Pero en 1948, el Topolino fue mejorado, y al mejorar, perdió parte de su personalidad. Le cambiaron la trompa, le agregaron válvulas a la cabeza, la potencia aumentó a 16,5 HP. Reforzaron el bastidor, eliminando una tendencia anterior a retorcerse o a pandearse cuando era sometido a consuetudinarios malos tratos (andar por Buenos Aires, verbigracia). Los faros quedaron integrados dentro del aspecto frontal. Se ganó un poco de espacio. La velocidad máxima llegó a genuinos 100 kilómetros por hora sin retoques.
Fue un paliativo; de todos modos, el ciclo vital del mágico ratoncito, ya llegaba a su fin. En 1950, llegaría la Nuova 500 -motor atrás, cuatro minúsculos lugares, construcción integral, tesitura de actualidad-. Terminó la producción del Topolino después de 22 años y 500.000 unidades.
Las consecuencias
Pero nuestro relato no concluye con este réquiem. Simbólicamente, el Topolino vive aún.
En 1948, los Cooper -padre e hijo, Charles y John- andaban buscando modos de hacer un auto de carrera que no solamente fuera barato, sino que además pudiera fabricarse con los escasos elementos que había en Europa aún malherida por la secuela de la guerra. Encontraron un motor de motocicleta -no viene al caso- y suspensiones independientes usando dos trenes delanteros de Fiat Topolino.

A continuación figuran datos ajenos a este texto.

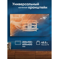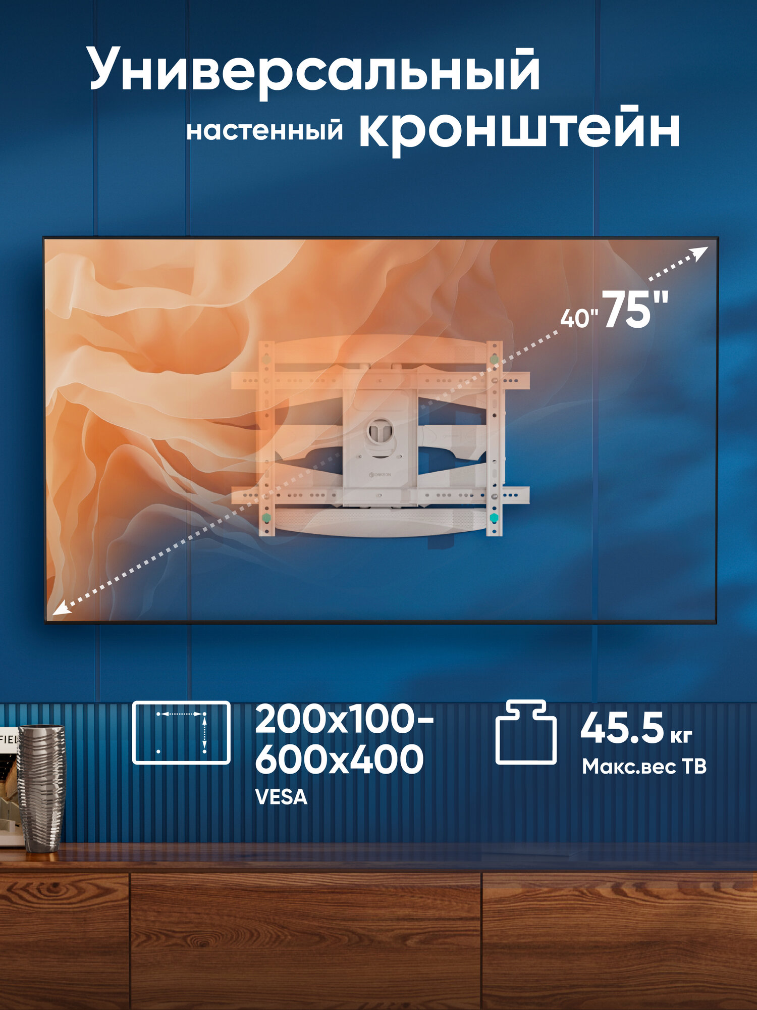 Настенный кронштейн для телевизора ONKRON M6L предназначен для крепления телевизоров с диагональю от 40 до 75 дюймов. Прочная конструкция с системой двойного плеча надежно выдержит экраны весом до 45,5 кг. Благодаря съемной VESA-панели, поддерживающей широкий диапазон VESA стандартов от 200x100 до 400x400, этот держатель для телевизора настенный является универсальным решением для многих современных экранов.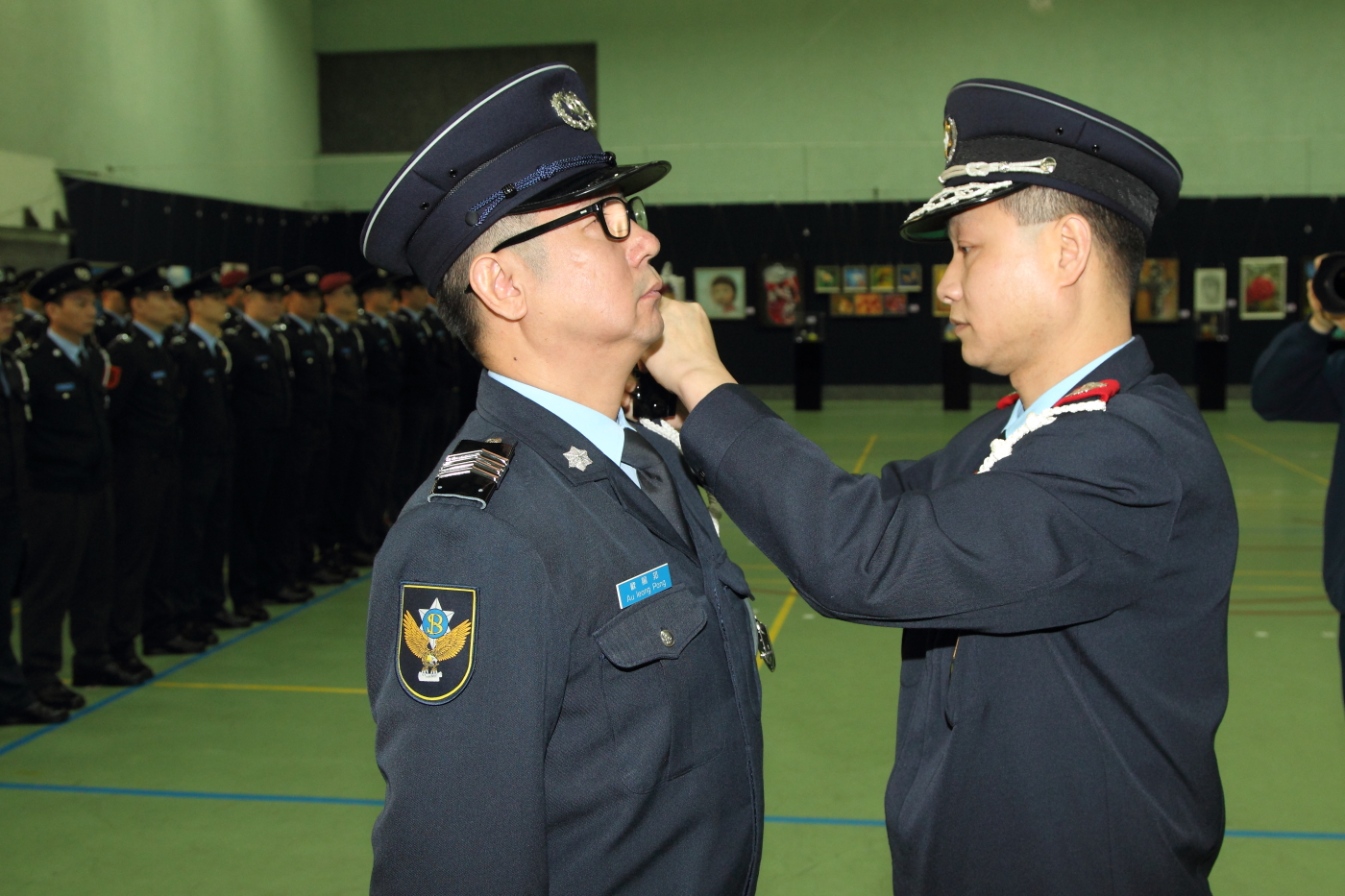 今天(3月10日)中午12時,在特警總部室內運動場舉行了首席警員晉升儀式。儀式由治安警察局局長馬耀權警務總監、副局長黎錦權及梅山明副警務總監主持。出席儀式的還有局內各部門的廳長及負責人,為同僚作出祝賀。

Así nació el primer Cooper 500, nació la marca Cooper, y virtualmente, renació el auto de carrera de motor atrás. Durante años, Cooper siguió usando para su suspensión, trenes delanteros de Topolino o modificaciones de los mismos.
En 1967, todos los coches Grand Prix usan prácticamente la misma suspensión. Mirándola con un poquito no más de buena voluntad, ¿es tan distinta de la que era la del Fiat 500, familiarmente llamado Topolino?
Caracteristicas técnicas
Fiat 500 A (1936 - 1947)
4 cilindros en línea con refrigeración a agua, válvulas y árbol de levas laterales, 52 x 67 mm, 570 cm³, compresión 6,5:1, potencia 13 HP a 4.000 rpm, enfriamiento a termosifón, sistema eléctrico Marelli 12v, 1 carburador Solex horizontal 22 HR. Embrague monodisco a seco, caja de cuatro marchas con 3ª y 4ª sincronizadas, relaciones internas 4,48:1 en 1ª, 2,73:1 en 2ª, 1,76:1 en 3ª, 1 a 1 en 4ª. Diferencial 4,87:1. Rodado 4.00 x 15, distancia entre ejes 2.000 mm, trochas 1110/1080 mm, peso 545 kg, velocidad máxima aproximadamente 87 km/h.
Fiat 500 B, como 500A.
Fiat 500C, válvulas a la cabeza con balancines y varillas, 16,5 HP a 4.400 rpm, carburador Weber 22 DRS o Solex 22 IAC-4, rodado 4.25 x 15, peso 625 kg, velocidad máxima aproximadamente 100 km/h.
El bastidor, formado por dos largueros agujereados, era liviano y barato, pero cuando se lo sometía a calles en mas estado, tendía a quebrarse. No obstante, sirvió de base para muchos autitos sport de esa época. El motor estaba ubicado bien adelante, entre las ruedas delanteras, dando más espacio
El motor de la "primera serie" tenía válvulas laterales y cigüeñal con solamente dos bancadas. Después de la guerra adoptaron válvulas a la cabeza. El enfriamiento era por termosifón. Arranque "directo" sin solenoide. El mando del ventilador recuerda al del Auto Unión 1000 S
El carburador Solex era sumamente sencillo: 1) Tornillo de marcha lenta; 2) Tornillo de entrada de aire; 3) Gliceur de baja; 4) Entrada de nafta; 5) Cable del cebador; 6) Comando del acelerador; 7) Porta agujas; 8) Representación del filtro de aire (esquematizado para mayor claridad del dibujo)
El tren delantero sencillo pero, para la época, poco usual en un coche barato por ser independiente, empleaba una horquilla abajo y un elástico transversal arriba, actuando de integrante de una geometría de paralelogramo deformable. 1) Barra de dirección; 2) Tope de elástico; 3) Elástico; 4) Parachoques; 5) Caja de dirección; 6) Soporte del perno; 7) Brazos inferiores; 8) Amortiguador hidráulico
El tren trasero era casi tan interesante como el delantero. El eje rígido -pequeño y liviano- estaba suspendido por cuartoelípticos y fijado por tensores longitudinales. Se usó posteriormente en coches de carrera (Cisitalia ). 1) Elástico cuatroelíptico; 2) Topes de goma; 3) Empalme líquido de freno; 4) Reactor; 5) Corneta del diferencial; 6) Amortiguador hidráulico del tipo llamado "de brazo"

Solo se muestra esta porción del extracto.